Jimmy Buffett’s Surprise Appearance

During Kygo’s set on Saturday evening, fans were shocked when the rock legend Jimmy Buffett rose atop the DJ set to perform “Margaritaville” alongside a steel drum accompaniment. His announcement of Buffet’s name came as a shock because he had been introducing vocal features of some of his songs throughout the evening, but it came as a great surprise when the crowd spotted Buffet’s familiar jovial face.

Quinn XCII’s Absence

Another great surprise at the festival was Quinn XCII’S last minute pull-out of the festival. While the details of his removal from the lineup aren’t entirely clear, it is suspected that illness prevented him from performing.

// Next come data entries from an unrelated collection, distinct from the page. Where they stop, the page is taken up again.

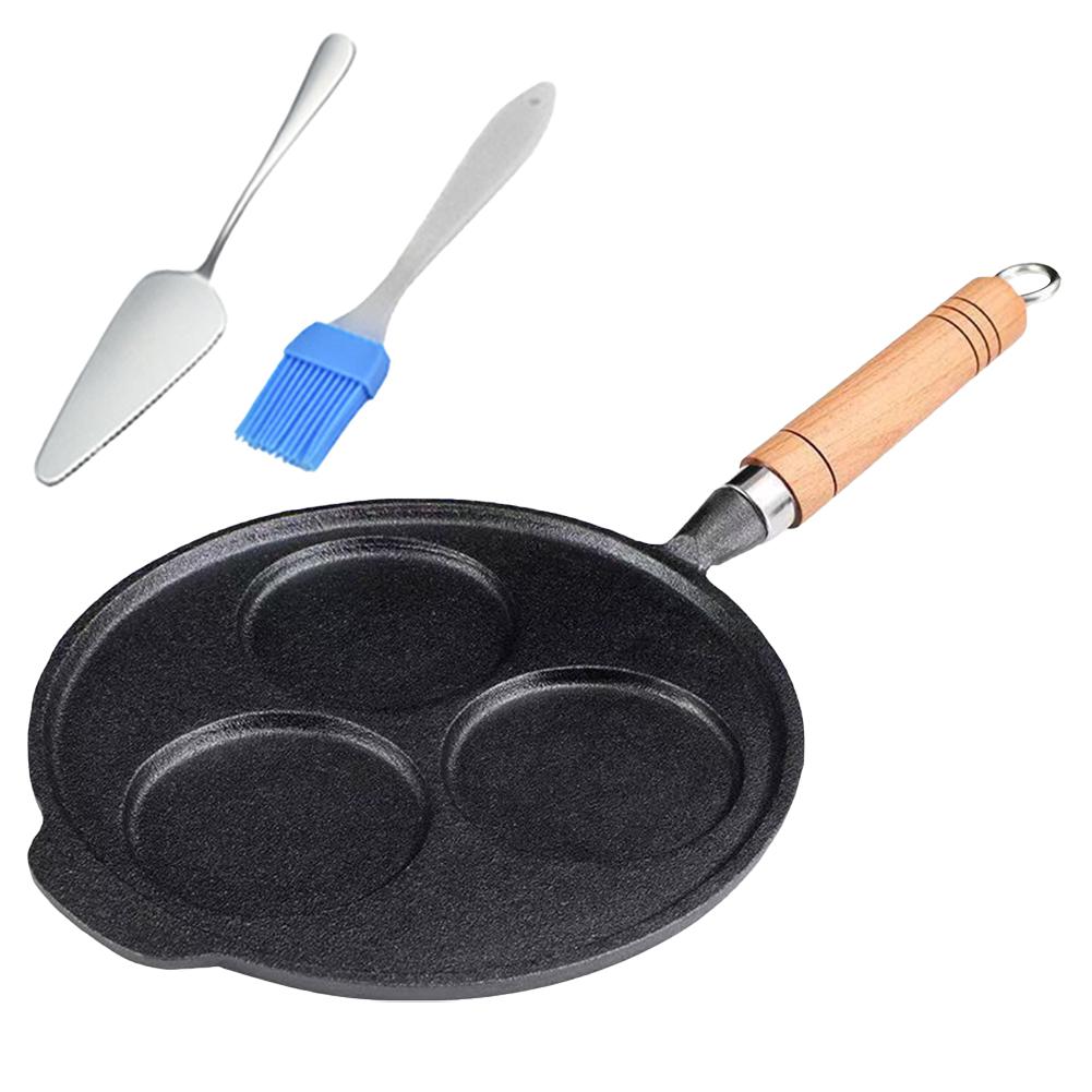 Чугунная сковорода для блинов с 3 отверстиями, сковорода для омлета, сковорода для жарки яиц с ручкой, сковорода для яиц на завтрак, блины, гамбургеры, сэндвичи чёрный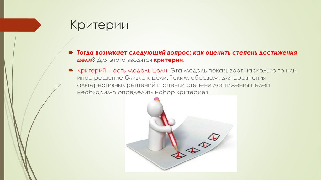 Критерий – есть модель цели. Эта модель показывает насколько то или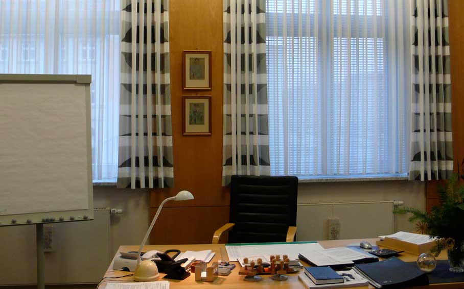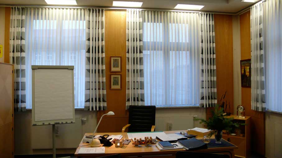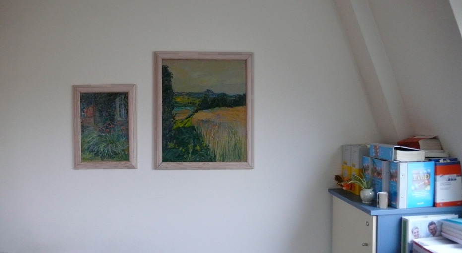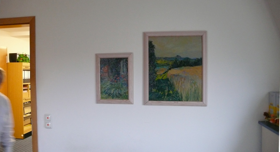 Sie hängen dort zwischen den fenstern und gegenüber dem Schreibtisch das dritte. Das Tageslicht ist an diesem Tag auch mittags sparsam, dass ungünstiges, gelbes Kunstlicht helfen muss.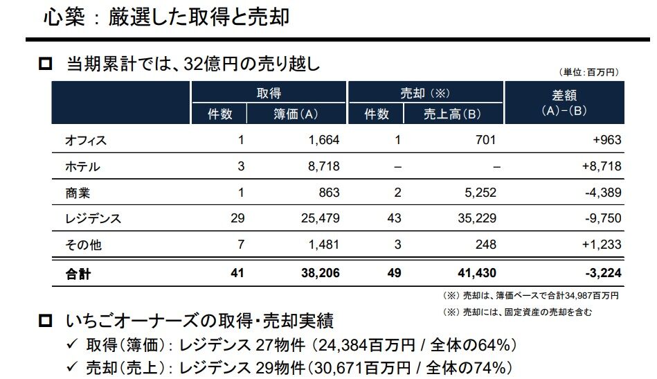 取得・売却ともに中心となったのはレジデンス(いちごオーナーズ)です。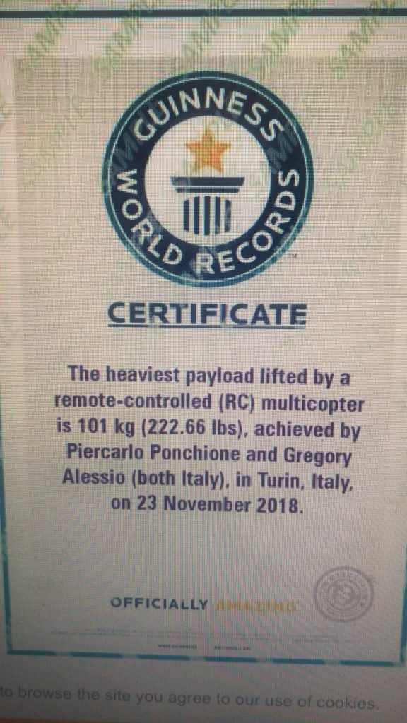 Mancava giusto la ciliegina sulla torta, e cioè l’ufficializzazione da parte del Guinness dei primati, e oggi è arrivata. Complimenti quindi a Ponchione e Alessio, i due progettisti-costruttori del Forvola, il drone dei record, che ha sollevato 101 kg per 1’03” stracciando il precedente record di Oslo ( in quell’occasione erano stati sollevati 61 kg per 30 secondi). Un record che ci rende fieri e che sentiamo anche un poco nostro, visto che uno dei giudici del record stabilito a Settimo Torinese il 23 novembre scorso era il nostro direttore scientifico, Stefano Orsi. Ne parliamo con Gregory Alessio, neo campione del mondo di sollevamento pesi con droni radiocomandati.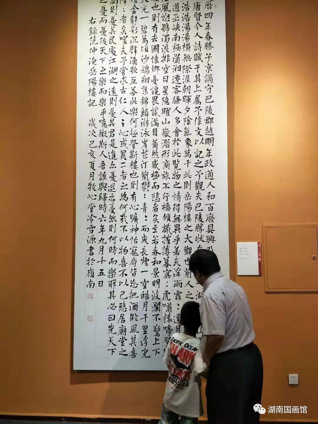此次“問道瀟湘”是由深圳寶安書社、深圳寶安公共文化服務(wù)中心策劃的品牌活動(dòng),是繼問道江右、問道京華、問道周秦、問道河洛、問道燕趙之后的第六次“問道”活動(dòng),旨在帶上作品,通過展覽和交流,虛心請教,增進(jìn)交流。展覽展出了王道國、萬迪龍、陳勝南、李銳、張琦、張綏平、鄭永兵、冷雪源、周志群、陳守斌、彭雙龍、蔣向前12位深圳書法家的100多幅書法精品,涵蓋篆、隸、楷、行、草、篆刻,氣象正大、功力深厚、風(fēng)格多樣、各有專長,既有切合時(shí)政的政治主題,也有自撰詩詞聯(lián)句和題跋作品;既有湖湘歷史題材佳作,也有深圳本土題材作品;既有丈二巨制,又有平尺小品。展覽的亮點(diǎn)是主展廳的九件丈二巨幅作品,從《不忘初心》到《春天的故事》,從《岳陽樓記》到王冕《墨梅》,筆力沉雄,氣象博大,受到與會專家和觀眾的好評!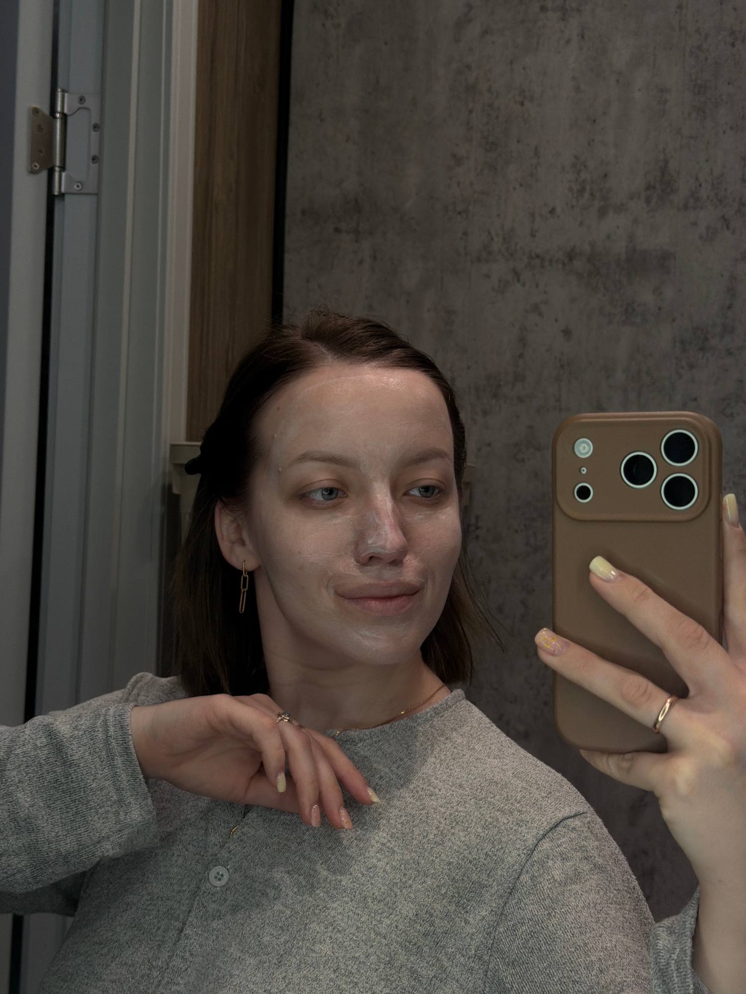 A young woman is captured taking a mirror selfie indoors, appearing to be in Reshetnikovo, Russia. She has a light-colored face mask applied to her face and looks towards the camera with a slight, cal…read more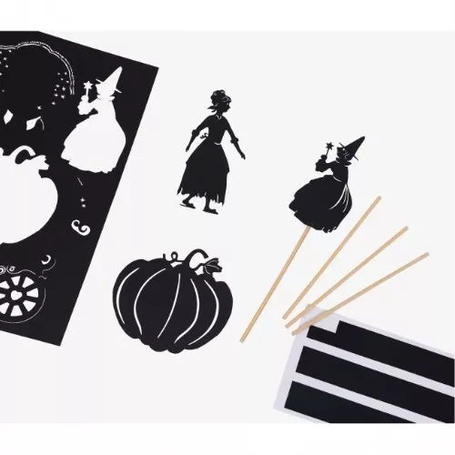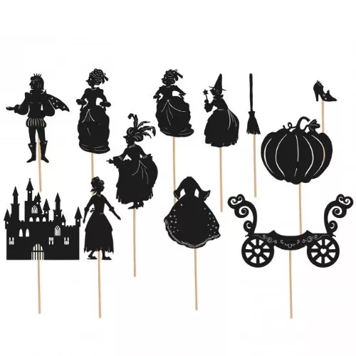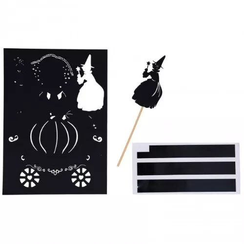Met de schaduwpoppetjes kunnen kinderen hun eigen draai geven aan het klassieke sprookje Assepoester. Het kartonnen poppentheater vormt hierbij een betoverend podium.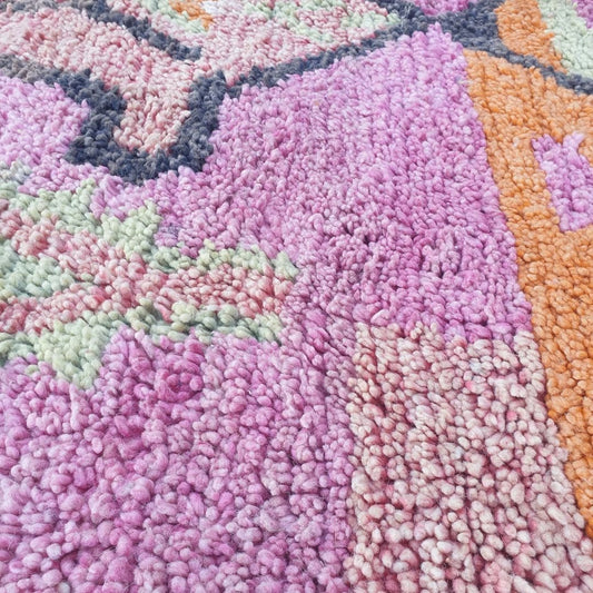 Chalata | Pink & Orange Moroccan Rug Authentic Soft Beni Ourain | 4'72x8'10 Ft | 144x247 cm
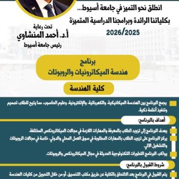 أعلنت كلية الهندسة بجامعة أسيوط عن إطلاق برنامج "هندسة الميكاترونيات والروبوتات"…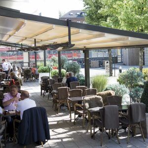 av uteplassen. Dette er et tak som kan lukkes på få sekunder. Det er plastbelagt og laget av vann- og vindbestandig materiale for total beskyttelse uavhengig av værforholdene.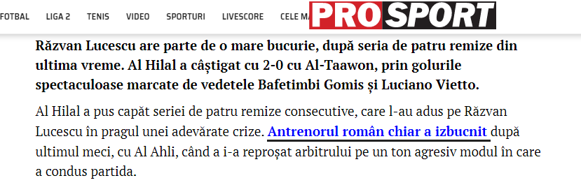🔵🔵 صحيفة "prosport" الرومانية: "أنهى #الهلال سلسلة من أربعة تعادلات متتالية جعلت المدرب رازفان لوشيسكو على شفا أزمة حقيقية. فازوا على التعاون بثنائية جوميز وفييتو. كلا الهدفين كانا بضربة مقصية، وصل الفريق إلى 29 نقطة بفارق ثلاث نقاط عن الشباب والأهلي".

He was expected to be a standout undercard performer and the team at FestivalPulse is wishing Quinn a speedy recovery.

Beyond the Music

Outside of the great sets, Hangout offered a constant stream of dopamine-inducing diversions. Though inside the realm of a sponsor area, the Monster Energy Beach Club offered a caffeine-laden, foam-covered, snapchat-worthy experience for inebriated millennial who just couldn’t get enough DJ time.

Swimming and relaxing by the crashing waves was another great benefit of the festival if you were willing to arrive early or wait in the seemingly endless line. For those not willing to bear the line, many people chose to collapse in the hammocks strewn about the rustling palm trees.

The Fruit of the Loom Air-Powered expedition provided a free sailboat ride in the crashing waves of the Gulf, but due to wave conditions this promotion only ran on Friday.

The PlayStation experience provided an area to receive some much needed air conditioning, an opportunity to play some favorite video games, and a secure compartment to charge cell phones.

This year’s Hangout fest left festival-goers with a satiated feeling as the diverse lineup and varied assortment of food and activities made for an exhilarating weekend.

The weekend began with the upbeat tone with Bryce Vine and those caught up in the emotions of the festival were entertained until the final strum on Wesley Schultz’s acoustic guitar on Sunday evening. The festival did an excellent job of fusing multiple genres and allowing folk and indie bands to be featured alongside their more mainstream pop and EDM counterparts.